Malbouffe, travail de nuit ?
D’autres facteurs de risque commencent à être mis au jour. Les additifs alimentaires émulsifiants présents dans les aliments ultratransformés, par exemple : l’étude d’une cohorte française a mis en évidence cette année leur effet cancérigène, notamment au niveau du sein. Ou le travail de nuit : une étude française de 2018 avait calculé un risque augmenté de 26 % chez les femmes travaillant de nuit avant leur ménopause – l’année dernière, une ancienne infirmière ayant travaillé en poste de nuit a ainsi obtenu la reconnaissance de son cancer du sein comme maladie professionnelle, une première en Europe. Or, le nombre de travailleuses de nuit a crû de 150 % entre 1982 et 2015.

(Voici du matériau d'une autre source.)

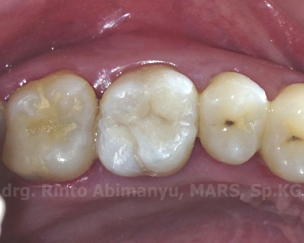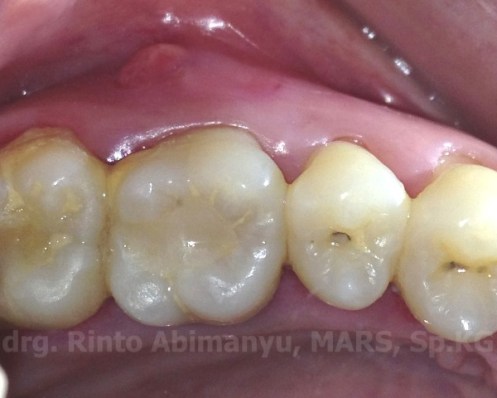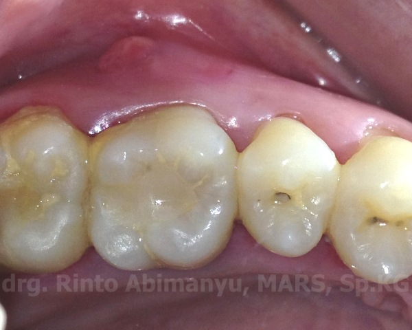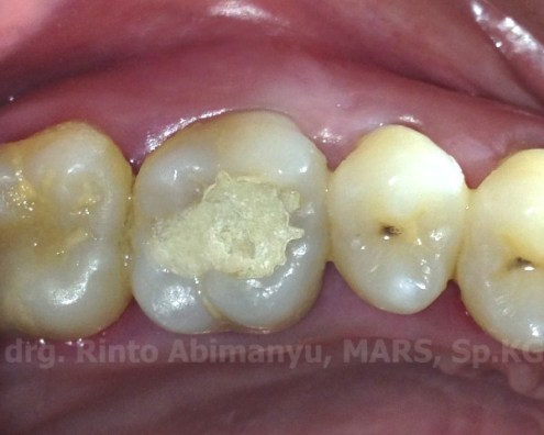 Pada saat diperiksa kondisi klinis terlihat gigi 26 masih ada tambalan komposit dan gingiva daerah bukal ada fistula.. Perkusi positif, palpasi positif dan tidak ada kegoyangan gigi.

9 % des cancers du sein de notre cohorte auraient pu être évités si les taux de dioxyde d’azote étaient sous les seuils de l’OMS
Delphine Praud, au Centre de lutte contre le cancer Léon-Bérard
Et il y a la pollution. Pendant vingt ans, l’exposition à divers polluants de 5 000 femmes diagnostiquées en France a été comparée à celle de 5 000 femmes sans cancer du sein. “Nous avons trouvé un risque accru avec les dioxydes d’azote et le benzo-a-pyrène, deux polluants qu’on retrouve près des axes routiers, ainsi qu’avec les dioxines et les PCB émis par les industries, et on suspecte aussi un effet des particules fines, explique Delphine Praud. Ces polluants atmosphériques pourraient agir comme des perturbateurs endocriniens, jouant sur l’âge des premières règles et d’autres aspects hormonaux, et donc impacter aussi indirectement le cancer du sein.”

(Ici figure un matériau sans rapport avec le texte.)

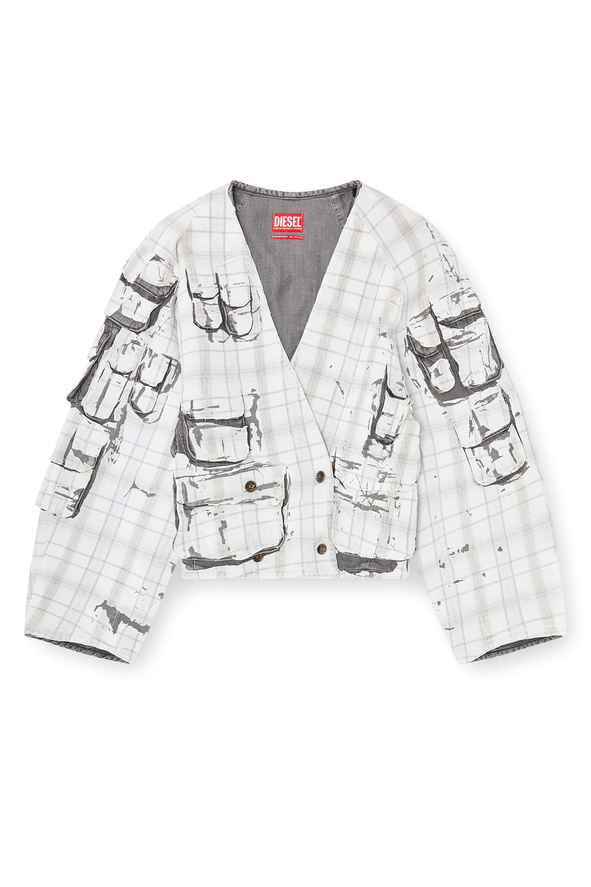 Product Description Characterised by a relaxed, cardigan-style silhouette, this women's jacket is a standout piece from the Spring Summer 2026 Runway Show. Three-dimensional patch pockets are placed all-over for added volume, while a half belt defines the waist on the back. This conceptual wash features a check-printed jersey overlay fused onto a fluid denim base through a unique process. The stone-washed denim beneath is partially revealed by laser-traced artwork and tactile peel-off effects, symbolically referencing the “animal within you.” Distressed in Italy, this elevated piece blends haute-couture flair with Diesel’s subversive denim experimentation. ID: A23423068WA Size & Fit Model is wearing a size S and is 175 cm / 5'7'' Check the size chart to choose the correct size. Materials & Details Composition: 60%Lyocell 40%Cotton, Application 90%Cotton 10%Elastane-Spandex Spring Summer 2026 Runway Show Double-breasted closure Multiple cargo pockets Martingale belt Lined in Lyocell

Ces polluants concernent-ils particulièrement les Françaises ? Les données comparatives générales font défaut, mais la France est l’un des pays qui affiche les concentrations maximales les plus élevées pour le dioxyde d’azote, et le plus grand nombre de dépassements, selon les statistiques de l’Agence européenne de l’environnement. “Nos études à paraître le confirment : 9 % des cas de cancer du sein de notre cohorte auraient pu être évités si les taux de dioxyde d’azote étaient en dessous des seuils de l’OMS”, souligne Delphine Praud.
Comme le souligne Emmanuelle Fourme : “ll y a clairement une forte marge de progression pour les facteurs de risque dits modifiables.”